Image from Rory Cellan

While working with children of Grade 7, I understood the need for them to engage in literacy not just via the traditional pen and paper but also through digital media. Lets face it – our children are digital natives. They engage with technology more readily and with far more enthusiasm. In return, it helps them build creativity, imagination and visual recall.

Technology may be an essential element of new age literacy, however after being in the classrooms and looking at the learning trends for children, I firmly believe that writing is still a core need for learning and a step towards higher standard of literacy. With writing, children not only gain an in depth understanding of the concept but are also able to articulate with precision. During assessments children who were in the habit of writing were able to present their answers much better and their understanding of the concepts was also more visible. This habit will definitely be an advantage in this era of globalization, where proper communication is a necessity when dealing with culturally and linguistically diverse groups.

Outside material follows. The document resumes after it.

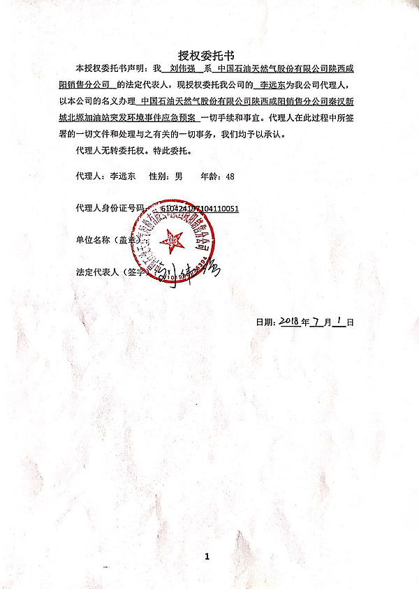 关于2018年9月7日中国石油天然气股份有限公司陕西咸阳销售分公司秦汉新城北塬加油站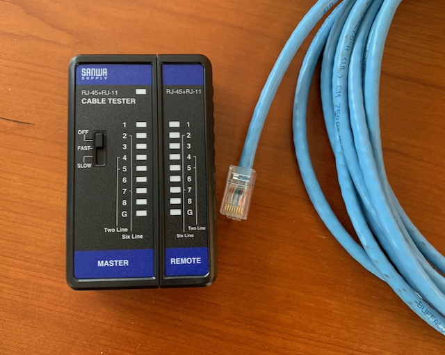 時間の合間にLANコネクタの付替を思い立ちました。が、すっかり結線方法を忘れてしまいました。結線図はネットで見つけ、工具とコネクタを工具箱から探しだしました。

Sadly, with shorthand and acronyms from social media spilling over into daily usage, it is the quality of written content that is suffering. Not only has our spoken language been “chutneyfied” as put by linguist Rita Kothari but even the written is being crucified. It is fashionable now to write Hindi in English, to punctuate with smileys instead of full stops, and to be pithy rather than precise. What is disturbing about this trend is the impact even on non-verbal communication. Just the other day, I overheard two children sharing a joke which culminated into an utterance of “LOL”. There was no trace of a smile on their faces. Emotional responses are getting acronymized along with the language.

Image from xkcd

In this light, I would argue that we cannot lose sight of the 3Rs (Reading, Writing, Arithmetic) in the journey towards the 4Es (Engage, Explore, Explain, Evaluate). An emphasis on language would not be misplaced keeping in mind the constant onslaught of short form digital content. It is only by developing the habit of reading and writing that we can nurture articulate and effective communicators. The 21st century skills (critical thinking, problem solving, reasoning, analysis, interpretation, synthesizing information) cannot be gained without building a strong foundation of literacy.